## Instructions for the task
Using the listing below, give again exactly the lines from the line with "3月30日深夜,利比的一条微" to the line with "Penteadeira Lx Camarim", inclusive, without the pictures.

## Input records
-- -- --

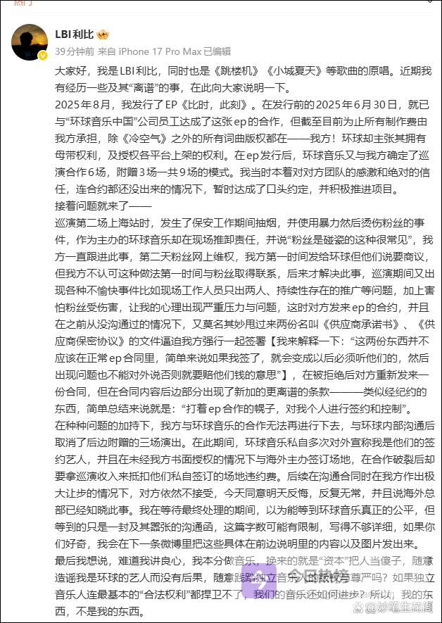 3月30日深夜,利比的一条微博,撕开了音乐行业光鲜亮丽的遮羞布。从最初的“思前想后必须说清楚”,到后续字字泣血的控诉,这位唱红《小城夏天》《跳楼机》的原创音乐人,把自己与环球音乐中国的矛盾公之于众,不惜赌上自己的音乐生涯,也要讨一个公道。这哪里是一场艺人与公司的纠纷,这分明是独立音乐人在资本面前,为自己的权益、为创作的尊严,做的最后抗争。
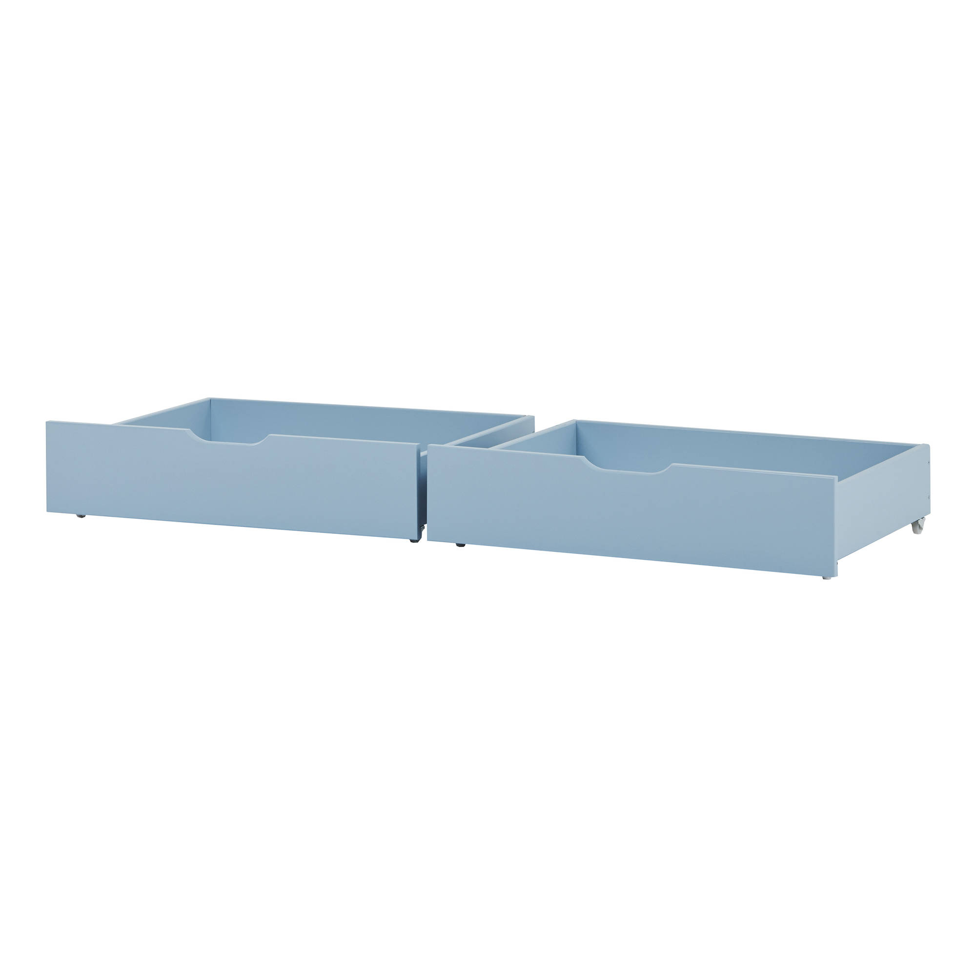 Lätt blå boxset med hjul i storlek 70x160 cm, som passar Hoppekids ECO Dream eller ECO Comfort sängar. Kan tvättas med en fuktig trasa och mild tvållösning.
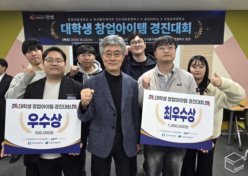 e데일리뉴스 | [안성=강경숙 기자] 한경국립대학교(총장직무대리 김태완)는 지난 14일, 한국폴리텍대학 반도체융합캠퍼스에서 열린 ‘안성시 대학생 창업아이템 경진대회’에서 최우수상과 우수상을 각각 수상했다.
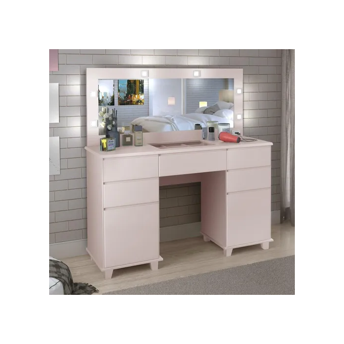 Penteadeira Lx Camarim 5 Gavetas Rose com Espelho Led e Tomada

-- -- --

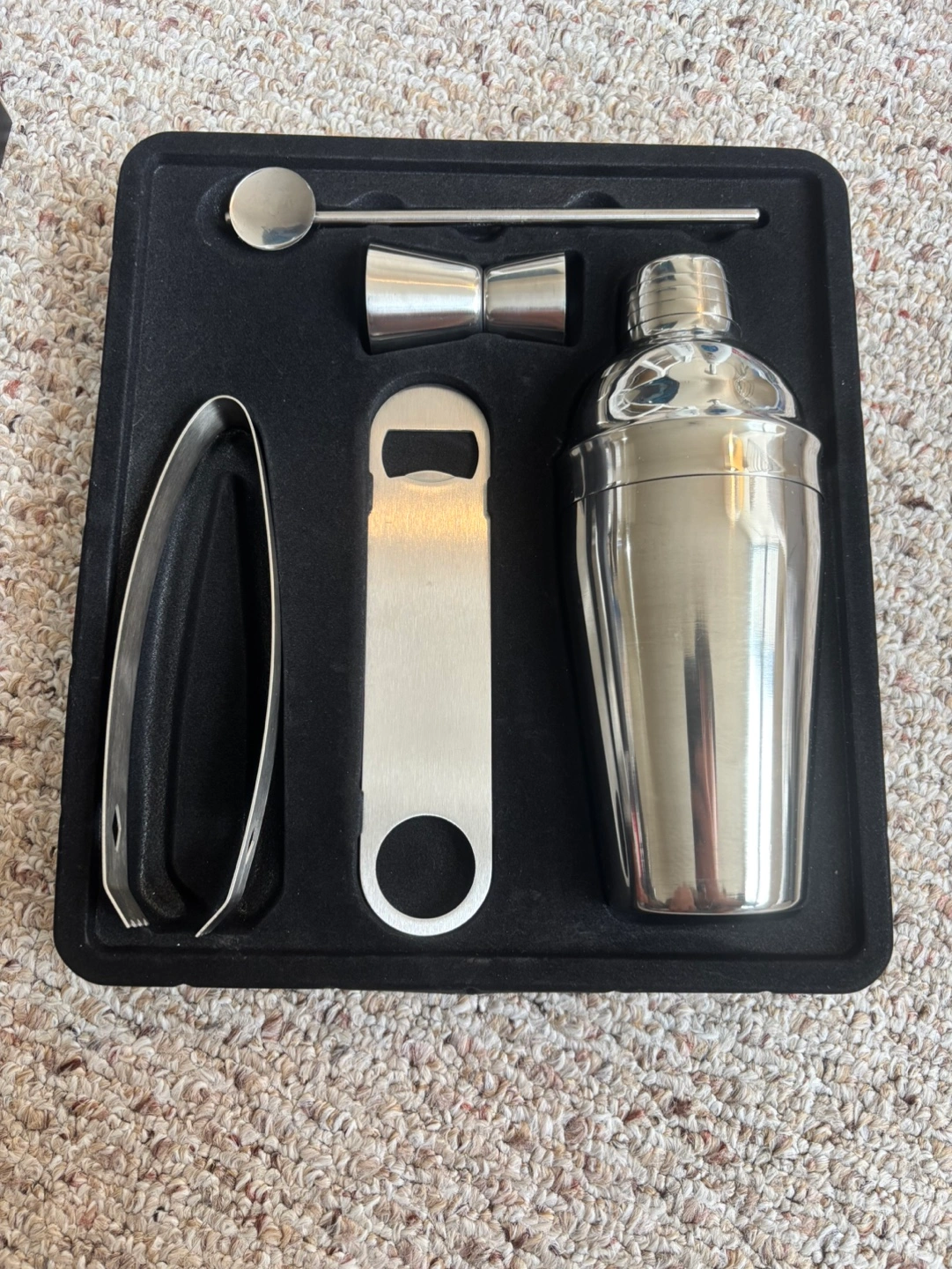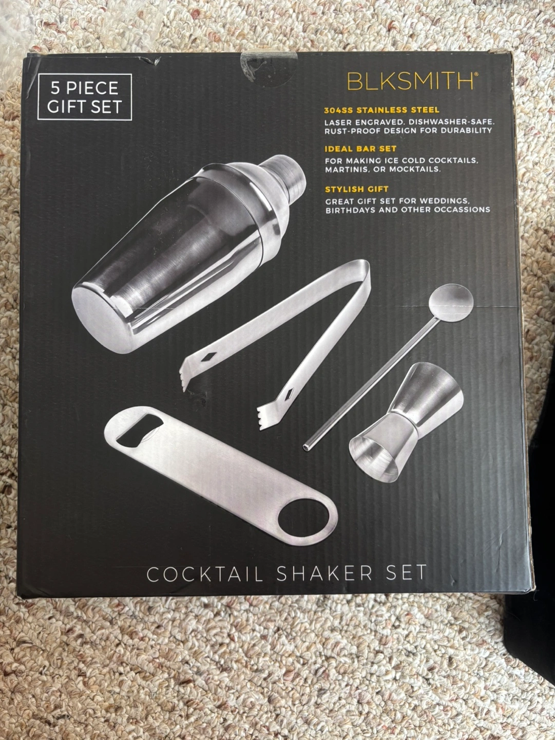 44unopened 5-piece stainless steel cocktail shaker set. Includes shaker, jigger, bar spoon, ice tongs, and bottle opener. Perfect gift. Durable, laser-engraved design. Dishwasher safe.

-- -- --

## Exercise solution
 3月30日深夜,利比的一条微博,撕开了音乐行业光鲜亮丽的遮羞布。从最初的“思前想后必须说清楚”,到后续字字泣血的控诉,这位唱红《小城夏天》《跳楼机》的原创音乐人,把自己与环球音乐中国的矛盾公之于众,不惜赌上自己的音乐生涯,也要讨一个公道。这哪里是一场艺人与公司的纠纷,这分明是独立音乐人在资本面前,为自己的权益、为创作的尊严,做的最后抗争。
 Lätt blå boxset med hjul i storlek 70x160 cm, som passar Hoppekids ECO Dream eller ECO Comfort sängar. Kan tvättas med en fuktig trasa och mild tvållösning.
 e데일리뉴스 | [안성=강경숙 기자] 한경국립대학교(총장직무대리 김태완)는 지난 14일, 한국폴리텍대학 반도체융합캠퍼스에서 열린 ‘안성시 대학생 창업아이템 경진대회’에서 최우수상과 우수상을 각각 수상했다.
 Penteadeira Lx Camarim 5 Gavetas Rose com Espelho Led e Tomada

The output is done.